Recently I was asked to slab up a 38" diameter Walnut log. The guy wants the slabs full width keeping the natural edges of the log. The problem is that my setup will only allow for a 31" cut. I power an Alaskan 36" mill with a Stihl 660.
Anybody out there have experience milling hardwood with the Stihl 660 using 40-50" bars? Seems like this may be a bit much for the saw. I'm wondering if I should go out and purchase the extra bars/mill or not.
Also, I plan on charging $45 per hour for these types of jobs. Does this seem reasonable???  Thanks.

GF

I recently cut up a 48" diameter Walnut for a customer.  He also wanted to leave them full width.  After talking with him a little and explaining to him as it dries that it will cup he began to understand why I would not recommend leaving them full width.  Ended up quarter sawing it for him. I think he will be much more pleased with the end result after drying.  If he insisted on leaving them full width I would have cut them that way.

Just my own opinion.

Wlecome to the Forum also!

GF

rebocardo

> Also, I plan on charging $45 per hour for these types of jobs. Does this seem reasonable??? 

Very.

Smakman

About what would be the maximum width one would want to cut a 4/4 before cupping would be a problem?  Does it matter much from one species to another?
Cooks HD3238
Bobcat T320
Kioti 7320
Stihl 550i
Stihl 044

Ianab

QuoteDoes it matter much from one species to another?

Yes

You can get an indication of the cupping by looking at the shrinkage values of the wood.

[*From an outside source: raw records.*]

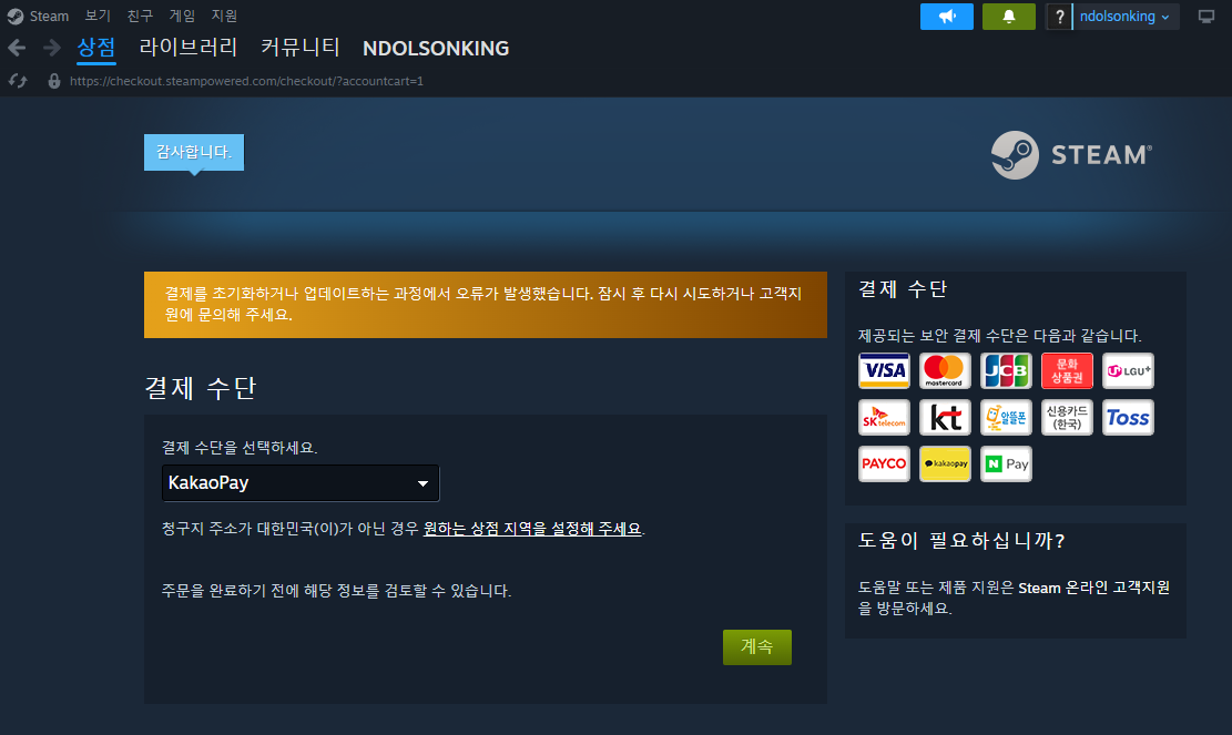 스팀 결재는 신용카드나 카카오페이, 네이버페이가 지원되었습니다.
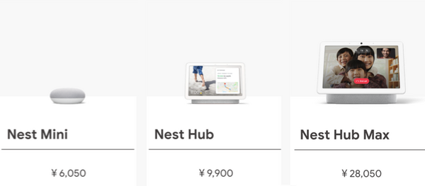 今回のラインナップ整理により、現在のラインナップはNest MiniNest HubNest Hub Maxの3機種となった。価格はそれぞれ6,050円、9,900円、28.050円となる。選び方は簡単。画面が不要ならNest Mini、ビデオ通話したいならNest Hub Max、ビデオ通話はしないが画面が欲しいならNest Hub。
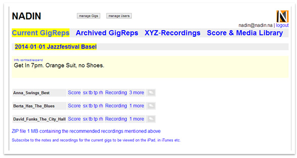 In NADIN, a band’s complete music library can be managed. NADIN administrators can put together the set lists of gigs by mouse clicks and make them available to the band members, including download links for the appropriate notes and recordings. Past gigs can be archived. In the administration, user rights can be defined (e.g. access only to the sax score for the current gigs, but not to archived gigs, and not to the music library).
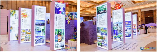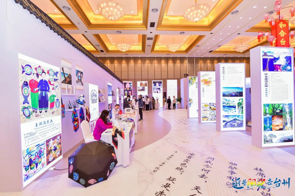整个台州好文旅展馆,以开放时尚动感为设计主基调,现代和传统,诗和远方,大山和大海,动态和静态有机融合,将台州的大美风光、人文风情尽收眼底。台州好文旅展馆全方位展示台州的风景名胜、人文风情、美景美物,营造出“游园、赏景、识城”的感官效果,呈现了大美台州的卓越风姿独特魅力。好非遗、好文创与现场神秀的风光融为一体,配以传统器乐表演,高雅脱俗。
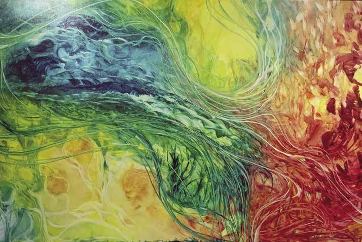 Abstract Romanticism is perhaps the most apt designation for the artist’s layered, billowing striations of dazzling color that often evoke shimmering fields of sunset and sunrise effects, the blending of Heaven and Earth, or the living sea washing over us. His work rejuvenates and elevates the mind to that state of creative union in which the ego ceases to dictate, and consciousness merges with the universe of the Beloved. Khavarani resurrects the romantic possibility that art can change the world by reaching out unstintingly to the heart and imagination of the individual spectator.
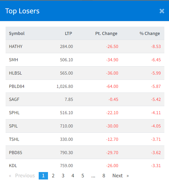 यसका साथै, मंगलबार हाथवे इन्भेष्टमेन्ट नेपालको सबैभन्दा बढी प्रतिशतले घटेको छ । त्यस्तै, सुपरमाई हाइड्रोपावरको ६.४५ प्रतिशतले शेयरमूल्य घटेको छ ।
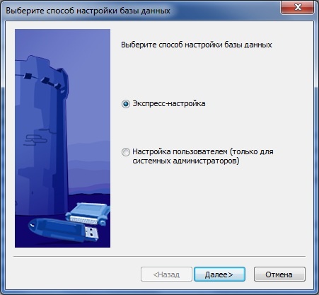 1. На первой странице Мастера выберите тип настройки базы данных Экспресс-настройка:
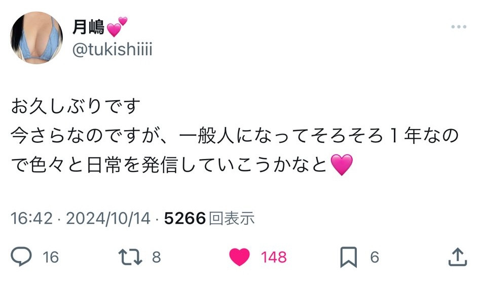 继前些日子突然在社群(https://x.com/tukishiiii)上传自己的照片后,山手梨爱又有了动作!

I cut slabs out of Monterey cypress which has very low shrinkage numbers ( 3.3 tang. x 1.6 rad. ) I can cut a 3' wide x 1" board, weigh it down on stickers and it will dry straight.  Western Red Cedar and Californian Redwood have similar numbers and are good for slabbing too.

Oak shrinkage is more like 9 tang. x 2.9 rad. Much greater shrinkage and much bigger difference between the 2 dimensions. So as the grain of the slab goes through different orientations it shrinks different amounts and the slab cups.

Numbers for black walnut are 4.4 tang. x 2.4 rad.  This is pretty low for a hardwood, so it's one of the better types for slabbing.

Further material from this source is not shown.